Estes objetivos orientaram também as autoridades de saúde portuguesas, o que levou a que um número progressivamente maior de doentes esteja a iniciar terapêutica. O esforço económico do fornecimento de anti-retrovíricos a um número cada vez maior de pessoas será largamente compensado pelos ganhos em saúde e anos de vida, assim como na diminuição da transmissibilidade do vírus na comunidade. Um doente com viremia suprimida representa um risco muito menor de transmissão do vírus, numa perspetiva de “tratamento como prevenção”.
É importante ainda frisar que, no caso português, o primeiro 90 (relacionado com o diagnóstico) tem uma grande probabilidade de já ter sido alcançado, segundo os últimos dados estatísticos.
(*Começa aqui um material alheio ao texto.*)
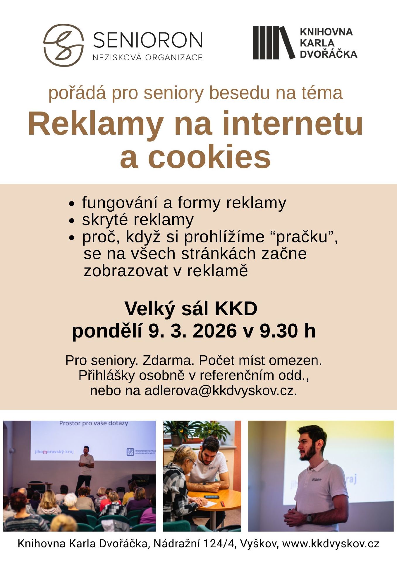 Beseda se zabývá fungováním reklamy a s jakými formami reklam se můžeme na internetu setkat. Povíme si, že reklama může být velmi často i skrytá a také si vysvětlíme, proč když si prohlížíme “pračku”, tak se na všech stránkách začne zobrazovat v reklamě. Pro seniory. Zdarma. Počet míst omezen. Ve spolupráci s SeniorOn, z.ú. Přihlášky osobně v knihovně, nebo na emailu adlerova@kkdvyskov.cz.
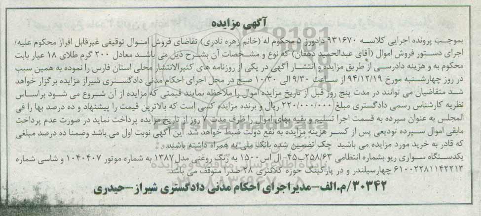 مزایده در روز چهارشنبه مورخ 94.12.19 از ساعت 9:30 الی 10:30 صبح در محل اجرای احکام مدنی دادگستری شیراز برگزار می گردد
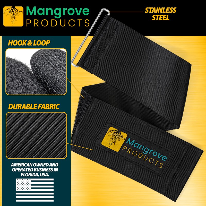 Mangrove Products Hook and Loop Cinch Strap for Transom Saver, Heavy Duty 4 inch Nylon with Stainless Buckle for Single-RAM Transom Savers for Outboard Motor, Boat Accessories Strap
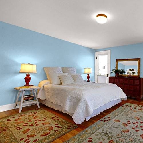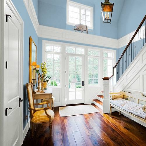 A soft midtoned blue is romanced in a kitchen area. Contrast with white subway tile in the backsplash areas as well as white cabinetry.
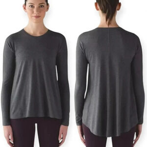 Lululemon Acadia Grey Long Sleeve Pima Cotton Hi Low Flare Flowy Hem Small
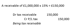Dundas Ltd. have made a taxable loss of £1,000,000 for the year. The tax rate in force is 15%. Dundas’s accountant is confident that they will receive a refund from the tax authorities. Prepare the journal to account for this.
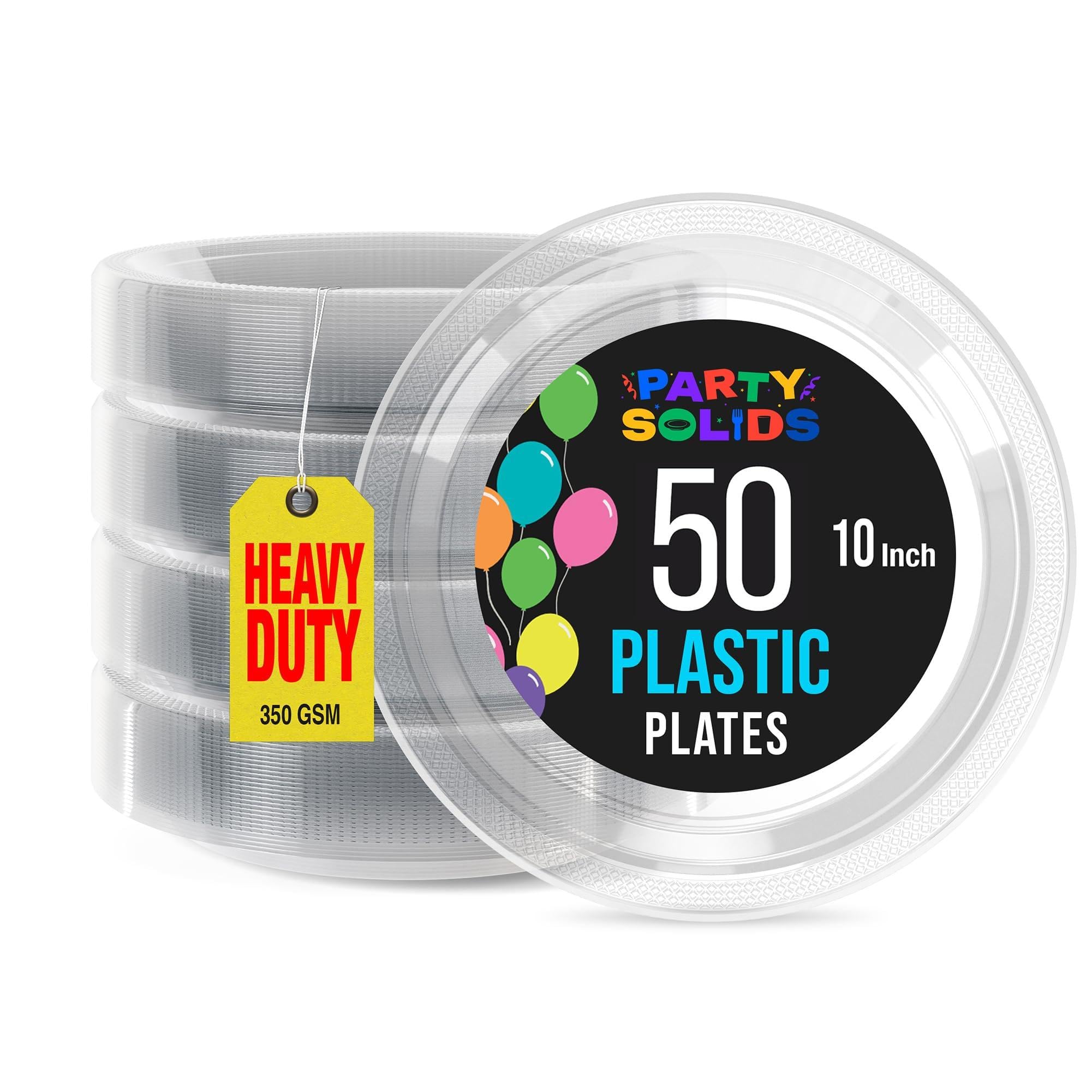 Includes: Each pack comes with 50 clear 10-inch dinner plates. These plates may be used as dinner plates or cake plates and also make a great use as picnic supplies. Having these will complete your plastic dinnerware collection.
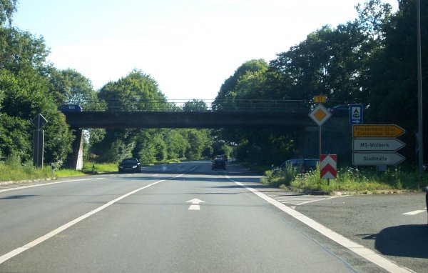 Wegweiser am Beginn der Stadtumgehung Münster. Von hier aus kann man nur aus Richtung Telgte auf die Umgehung fahren, nicht aber aus Richtung Münster.
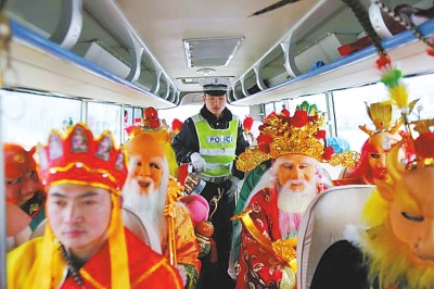 經(jīng)過省交警總隊(duì)核實(shí),濟(jì)源市交警支隊(duì)民警在執(zhí)勤中確實(shí)遇到此事。大河報(bào)記者隨后聯(lián)系到濟(jì)源市交警支隊(duì)宣傳科相關(guān)人士,他講述了這個(gè)事情。2月7日,濟(jì)源交警在濟(jì)源市207國道執(zhí)法服務(wù)站執(zhí)勤時(shí),在檢查點(diǎn)攔下了“孫悟空”駕駛的一輛大巴車,令交警想不到的是,車上居然還坐著一車《西游記》中的“神仙妖怪”,其中有“唐僧師徒”、“財(cái)神”、“土地神”、“小鉆風(fēng)”、“牛魔王”、“獅子精”、“白骨精”等,“當(dāng)時(shí)我們民警檢查時(shí)感覺自己‘穿越’了”。

Para que se consigam os seguintes objetivos, doentes em tratamento e com carga viral suprimida, será preciso um esforço consertado das várias unidades de saúde e estruturas comunitárias, para a retenção em seguimento e tratamento dos doentes já diagnosticados, especialmente nos casos mais difíceis, como são as pessoas que se deslocam frequentemente dentro do país ou para fora dele.
Face a este novo quadro, impõe-se a adaptação das estruturas que seguem estes doentes em cada hospital, com equipas multidisciplinares em que a Medicina Interna terá um papel central. Também estruturas extra-hospitalares terão obrigatoriamente que estar envolvidas, num futuro que poderá vir a contemplar consultas e fornecimento de medicação fora dos Hospitais.
Ainda que tenha existido uma evolução inegavelmente positiva nas últimas décadas, é importante realçar o perfil do doente no nosso país, que sofreu alterações que devem ser analisadas e confrontadas. Se por um lado, os diagnósticos deixaram de estar maioritariamente ligados à utilização de drogas endovenosas, face ao grande sucesso das medidas tomadas neste campo nas últimas décadas, é preocupante a frequência atual de diagnósticos diretamente ligados à transmissão sexual, com particular relevância para a transmissão entre jovens homossexuais masculinos e entre pessoas de idades mais avançadas, na 5ª e 6ª décadas de vida, por relações heterossexuais.

«Do simples enunciado das questões levantadas, a merecer discussão mais aprofundada, constatamos que realmente os tempos estão a mudar. Cabe-nos a todos encontrar as respostas sopradas por estes ventos de mudança», conclui o especialista.